» What you should do
Output all entries verbatim. Skip pictures.
(Information provided begins)
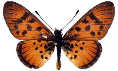
petraea mâle, Dar-es-Salam (Tanzanie).JPG petraea
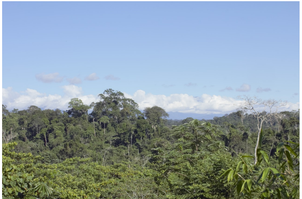
23 Reserva Comunal Machiguenga
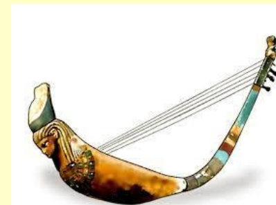
古代エジプトのハープ
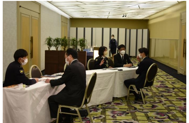
個別相談の様子⑤ 対応者：募集課広報官（手前）、予備自衛官課即応予備自衛官担当（奥）
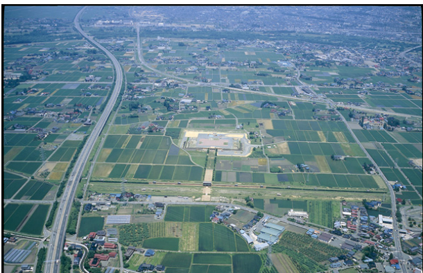
志波城跡（国指定史跡）
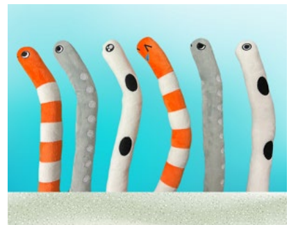
ぬいぐるみ チンアナゴ イメージ
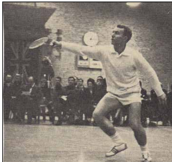
Grønært var ikke mindst kendt for en ukuelig fightervilje og en enorm træningsvilje, og så var han generelt et boldtalent.

-Jeg sagde til en af de spillere, der drillede mig mest – en gammel OL-deltager i boksning – at han kunne få 99 point forud, når vi spillede til 100. Og han måtte starte med at serve. Dengang skulle man jo først vinde serveretten for at score point. Der var mange tilskuere til den kamp i Valby en søndag formiddag klokken 10. Jeg vandt og min modstander måtte betale for to kasser øl. Jeg fik skabt respekt, og når jeg siden havde været ude at spille, blev
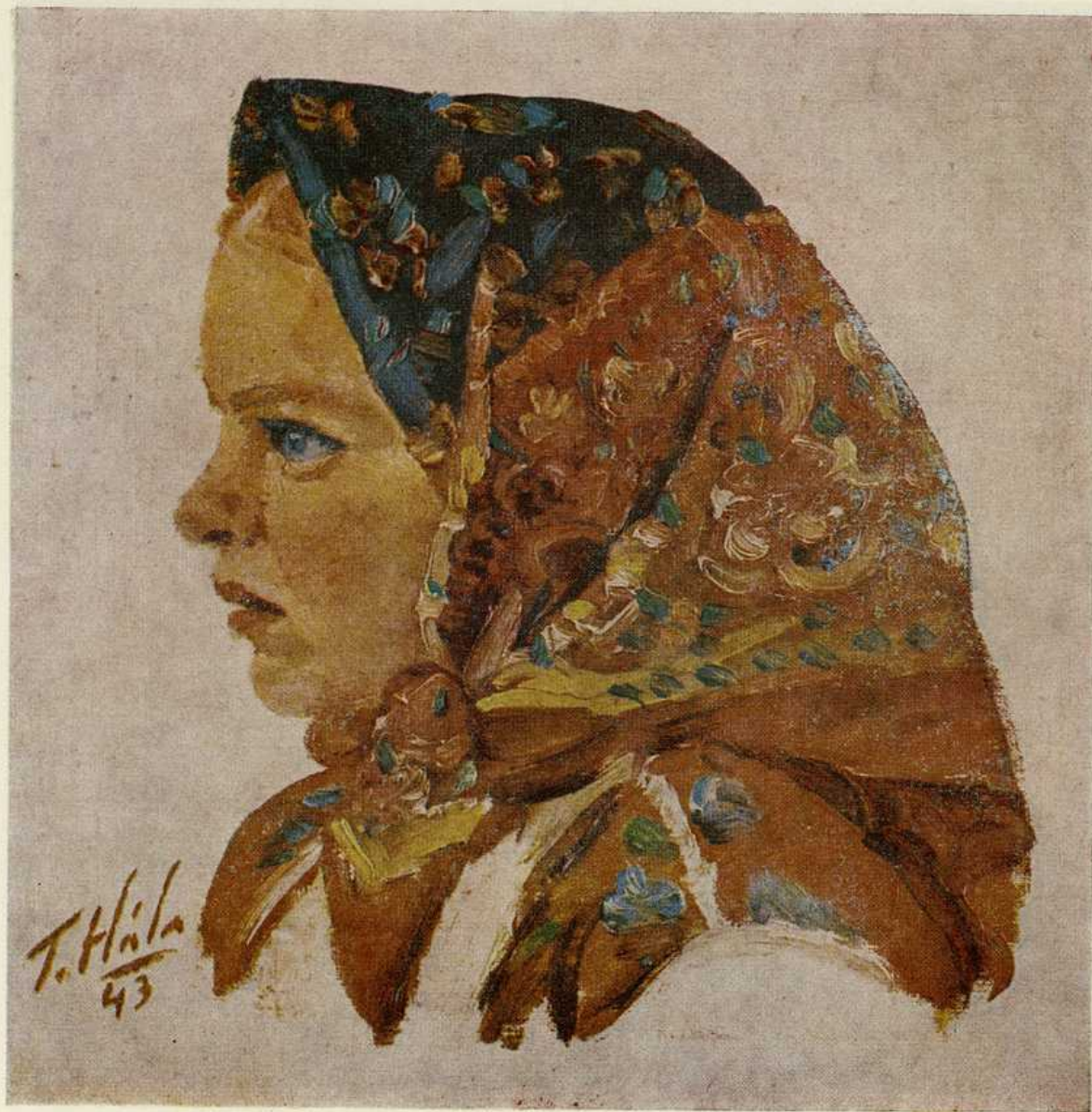
Ján Hála, Zuzka. Olej 1943
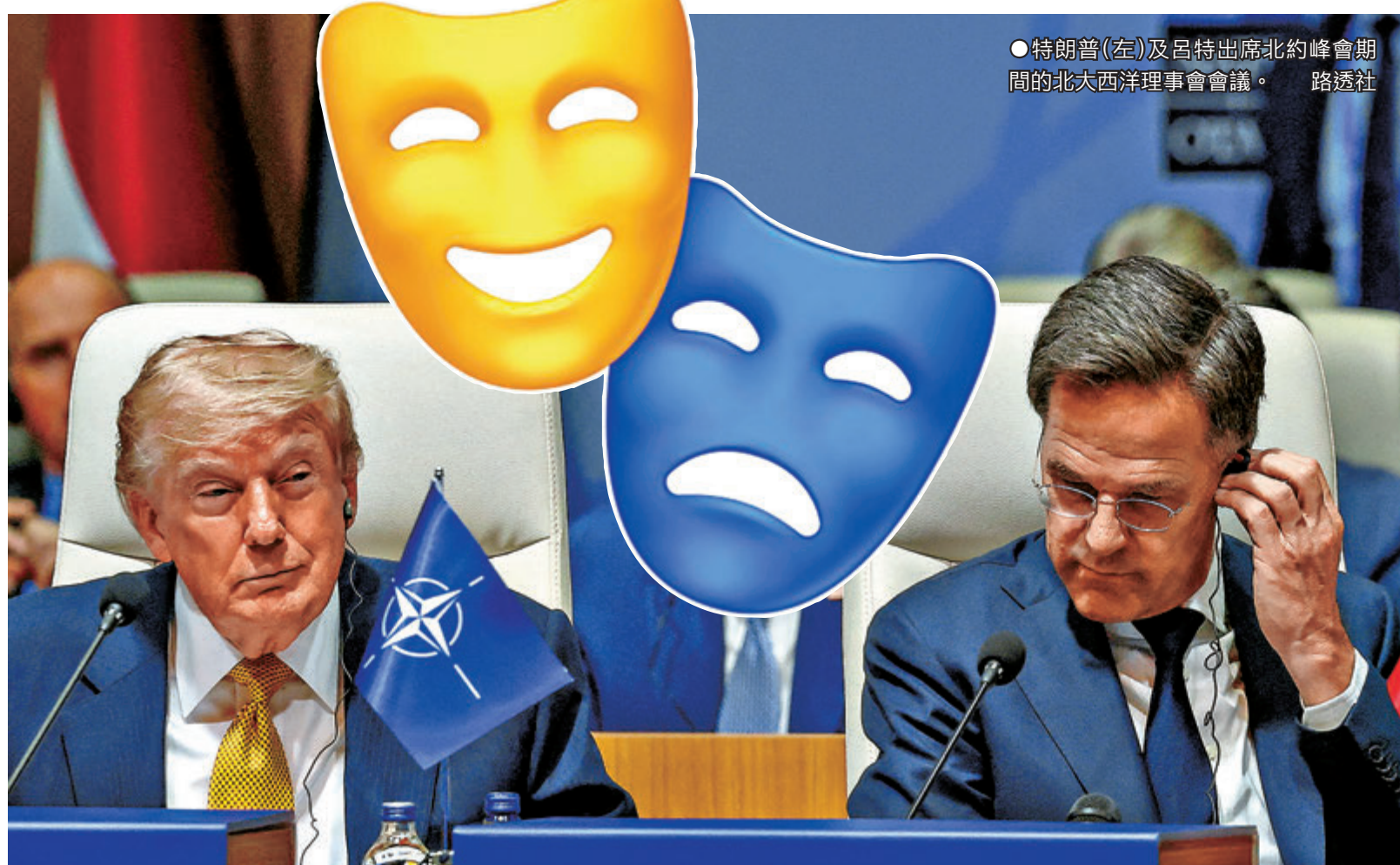
●特朗普(左)及呂特出席北約峰會期間的北大西洋理事會會議。

香港文匯報訊 北約峰會7月7日至8日在土耳其首都安卡拉舉行，各成員國會後發表《安卡拉峰會宣言》，宣布軍事採購、對烏克蘭軍援等一系列承諾。美國總統特朗普於閉門會議結束後召開記者會，他一改早前對北約盟友在伊朗衝突中不願助力的不滿，宣稱是次峰會展現出巨大團結，又暗示西班牙願意配合美方要求，跟從其他北約成員國增加國防開支至國內生產總值（GDP）的5%。
(Information provided ends)
» Written solution
petraea mâle, Dar-es-Salam (Tanzanie).JPG petraea
23 Reserva Comunal Machiguenga
古代エジプトのハープ
個別相談の様子⑤ 対応者：募集課広報官（手前）、予備自衛官課即応予備自衛官担当（奥）
志波城跡（国指定史跡）
ぬいぐるみ チンアナゴ イメージ
Grønært var ikke mindst kendt for en ukuelig fightervilje og en enorm træningsvilje, og så var han generelt et boldtalent.

-Jeg sagde til en af de spillere, der drillede mig mest – en gammel OL-deltager i boksning – at han kunne få 99 point forud, når vi spillede til 100. Og han måtte starte med at serve. Dengang skulle man jo først vinde serveretten for at score point. Der var mange tilskuere til den kamp i Valby en søndag formiddag klokken 10. Jeg vandt og min modstander måtte betale for to kasser øl. Jeg fik skabt respekt, og når jeg siden havde været ude at spille, blev
Ján Hála, Zuzka. Olej 1943
●特朗普(左)及呂特出席北約峰會期間的北大西洋理事會會議。

香港文匯報訊 北約峰會7月7日至8日在土耳其首都安卡拉舉行，各成員國會後發表《安卡拉峰會宣言》，宣布軍事採購、對烏克蘭軍援等一系列承諾。美國總統特朗普於閉門會議結束後召開記者會，他一改早前對北約盟友在伊朗衝突中不願助力的不滿，宣稱是次峰會展現出巨大團結，又暗示西班牙願意配合美方要求，跟從其他北約成員國增加國防開支至國內生產總值（GDP）的5%。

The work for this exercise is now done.